→ PROBLEM TO SOLVE:
Your task is to transcribe the data exactly while omitting each picture.

# # # # #

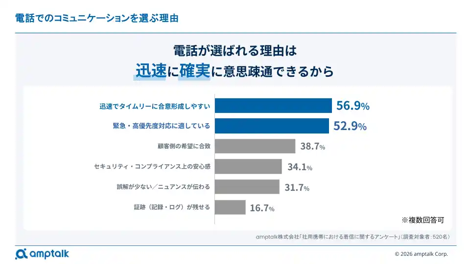 一方で電話は、「迅速でタイムリーに合意形成しやすい(56.9%)」や「緊急・高優先度対応に適している(52.9%)」といった、スピードと確実な意思疎通を目的として選ばれています。 |
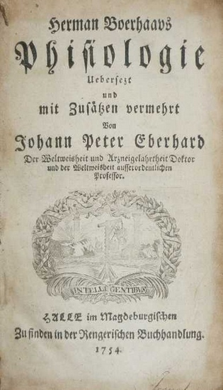 Phisiologie. (Herausgegeben von Albrecht von Haller). Uebersetzt und mit Zusätzen vermehrt von Johann Peter Eberhard. Halle, in der Rengerischen Buchhandlung., 1754. 8°. 8 n.n. Bl., 1128 S., 16 n.n. Bl. Inhalt, Register und Druckfehler. Lederband der Zeit mit schwarzem goldgeprägtem Rückenschild. Blake 54. - Steinke/Profos 383. - Erste deutsche Ausgabe dieser Zusammenstellung. - Enthält neben Boerhaaves "Insitutiones medicae" und Eberhards Zusätzen auch einige Auszüge und Zusammenfassungen von den Vorlesungsabschriften und von Hallers Anmerkungen aus Boerhaaves "Praelectiones". - Exlibris "Herbert McLean Evans Library of Medical Classics". Rücken schwach berieben. Papier durchgehend gleichmässig leicht gebräunt. 2 Blatt lose. - Gutes Exemplar. - Selten.
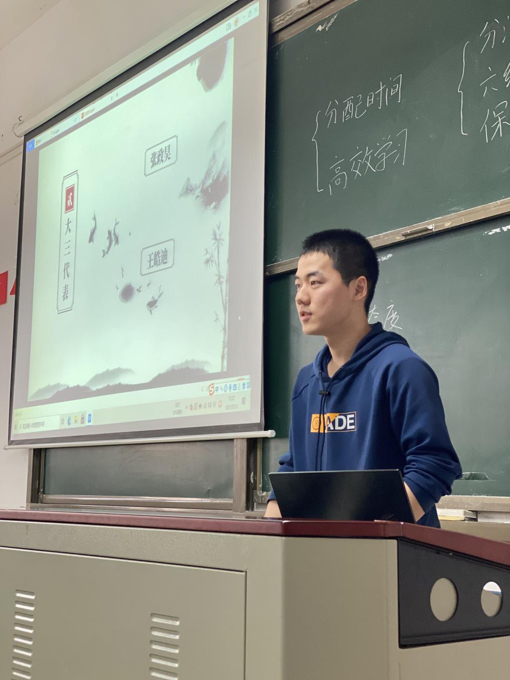 1. 首先是由机械2013班的陈冠宇和张珏晗同学来进行分享。从新生的角度出发,他们都觉得在目前阶段提高学习成绩是很重要的一环。张珏晗强调学习态度对学习效果和成绩的决定性影响,介绍端正学习态度的方法,提出如何培养学习兴趣的困惑陈冠宇则发表对学习成绩之外的综合能力的看法,提出了关于构建学习体系和养成高效学习习惯的疑问。
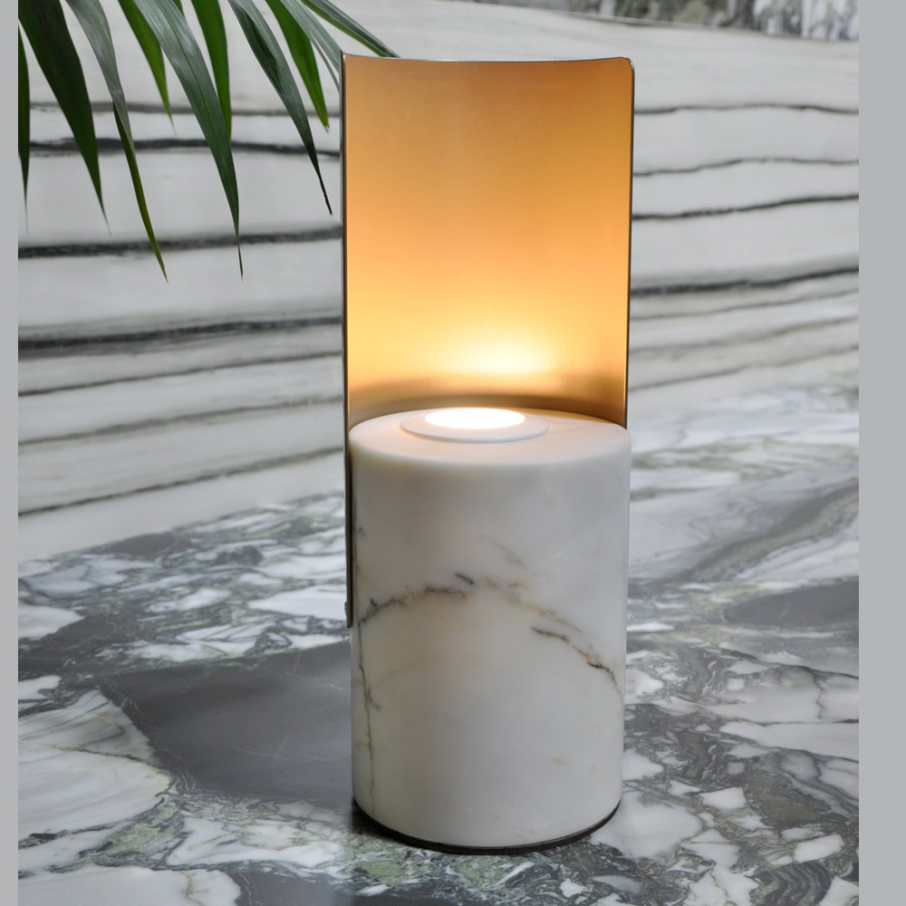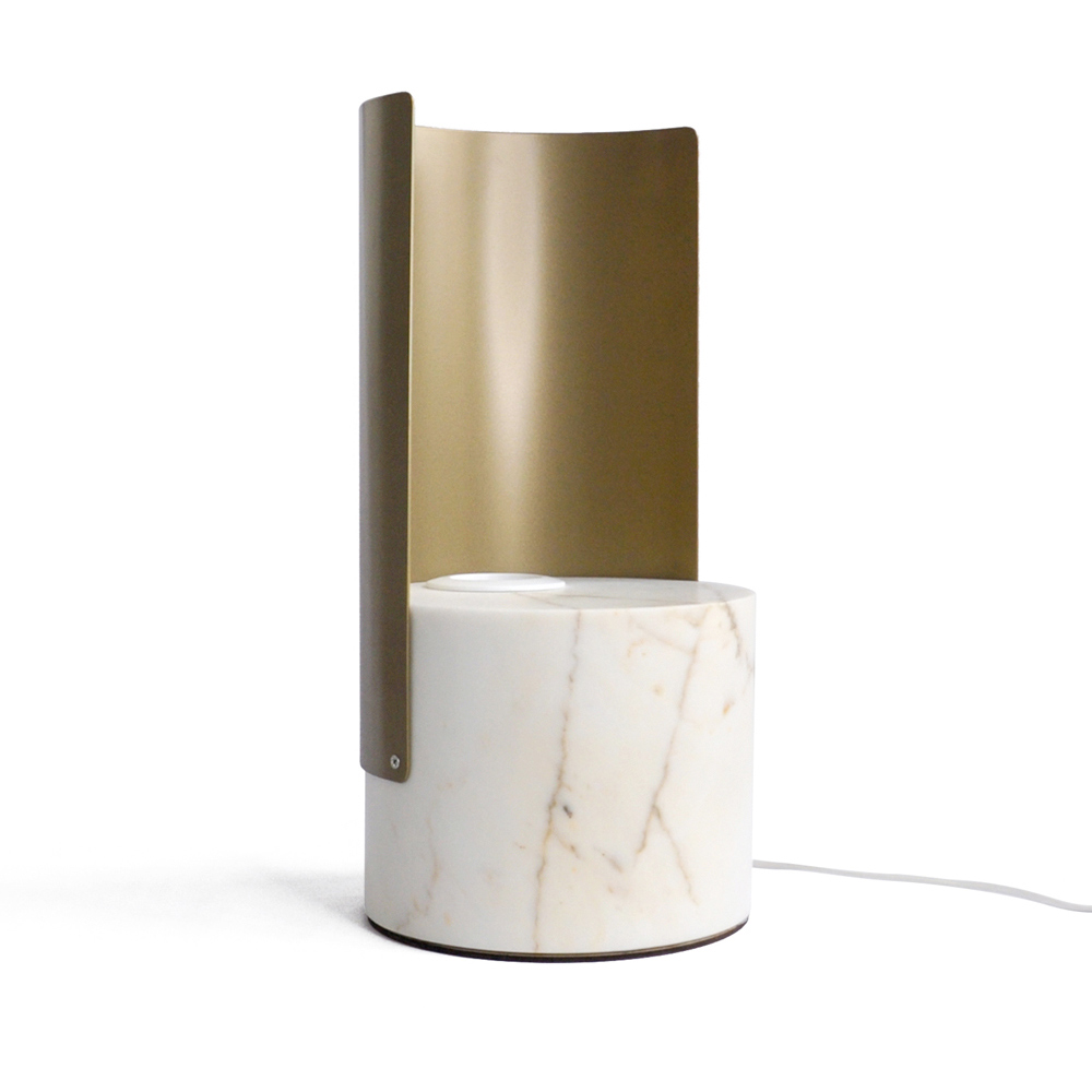 Stellen Sie sich eine Lichtquelle vor, die gleichzeitig ein Kunstobjekt ist: Hier ist diese Marmorlampe , eine Kreation, die die natürliche Eleganz von Marmor mit der warmen Lumineszenz von Metall verbindet. Der solide und sorgfältig verarbeitete Marmorsockel trägt einen Metallschirm, der ein einladendes und warmes Licht verbreitet und eine entspannende und anspruchsvolle Umgebung schaffen soll.
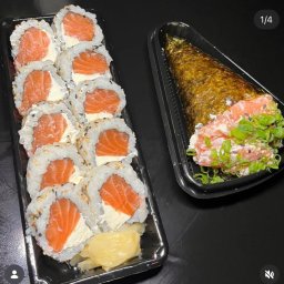 01 temaki (cru ou grelhado) + Hot roll de salmão 12 unidades. Acompanha molho shoyu, molho tarê e ha...
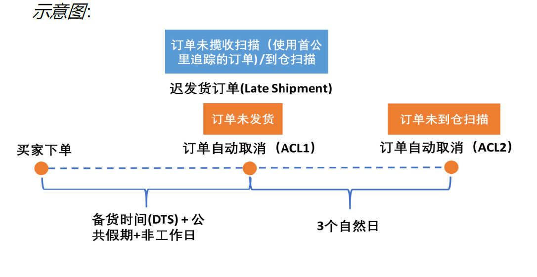 如果卖家没有在 DTS 日内"点击发货",或者订单没有在 DTS+3 个自然日内到仓扫 描,订单会被系统自动取消(auto-cancellation),影响卖家的订单未完成率(Nonfulfilment rate),会被罚分。
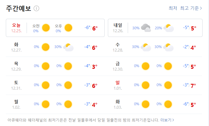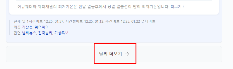 1번에서는 현재의 날씨 정보를 네이버에서 확인하는 방법을 찾아봤습니다. 이제는 과거 날씨 정보를 찾는 방법을 살펴볼게요. 1번에서 보여지는 화면 하단에 있는 '날씨 더보기'를 통해 확인할 수 있습니다.

# # # # #

→ EXPECTED ANSWER:
 一方で電話は、「迅速でタイムリーに合意形成しやすい(56.9%)」や「緊急・高優先度対応に適している(52.9%)」といった、スピードと確実な意思疎通を目的として選ばれています。 |
 Phisiologie. (Herausgegeben von Albrecht von Haller). Uebersetzt und mit Zusätzen vermehrt von Johann Peter Eberhard. Halle, in der Rengerischen Buchhandlung., 1754. 8°. 8 n.n. Bl., 1128 S., 16 n.n. Bl. Inhalt, Register und Druckfehler. Lederband der Zeit mit schwarzem goldgeprägtem Rückenschild. Blake 54. - Steinke/Profos 383. - Erste deutsche Ausgabe dieser Zusammenstellung. - Enthält neben Boerhaaves "Insitutiones medicae" und Eberhards Zusätzen auch einige Auszüge und Zusammenfassungen von den Vorlesungsabschriften und von Hallers Anmerkungen aus Boerhaaves "Praelectiones". - Exlibris "Herbert McLean Evans Library of Medical Classics". Rücken schwach berieben. Papier durchgehend gleichmässig leicht gebräunt. 2 Blatt lose. - Gutes Exemplar. - Selten.
 1. 首先是由机械2013班的陈冠宇和张珏晗同学来进行分享。从新生的角度出发,他们都觉得在目前阶段提高学习成绩是很重要的一环。张珏晗强调学习态度对学习效果和成绩的决定性影响,介绍端正学习态度的方法,提出如何培养学习兴趣的困惑陈冠宇则发表对学习成绩之外的综合能力的看法,提出了关于构建学习体系和养成高效学习习惯的疑问。
 Stellen Sie sich eine Lichtquelle vor, die gleichzeitig ein Kunstobjekt ist: Hier ist diese Marmorlampe , eine Kreation, die die natürliche Eleganz von Marmor mit der warmen Lumineszenz von Metall verbindet. Der solide und sorgfältig verarbeitete Marmorsockel trägt einen Metallschirm, der ein einladendes und warmes Licht verbreitet und eine entspannende und anspruchsvolle Umgebung schaffen soll.
 01 temaki (cru ou grelhado) + Hot roll de salmão 12 unidades. Acompanha molho shoyu, molho tarê e ha...
 如果卖家没有在 DTS 日内"点击发货",或者订单没有在 DTS+3 个自然日内到仓扫 描,订单会被系统自动取消(auto-cancellation),影响卖家的订单未完成率(Nonfulfilment rate),会被罚分。
 1번에서는 현재의 날씨 정보를 네이버에서 확인하는 방법을 찾아봤습니다. 이제는 과거 날씨 정보를 찾는 방법을 살펴볼게요. 1번에서 보여지는 화면 하단에 있는 '날씨 더보기'를 통해 확인할 수 있습니다.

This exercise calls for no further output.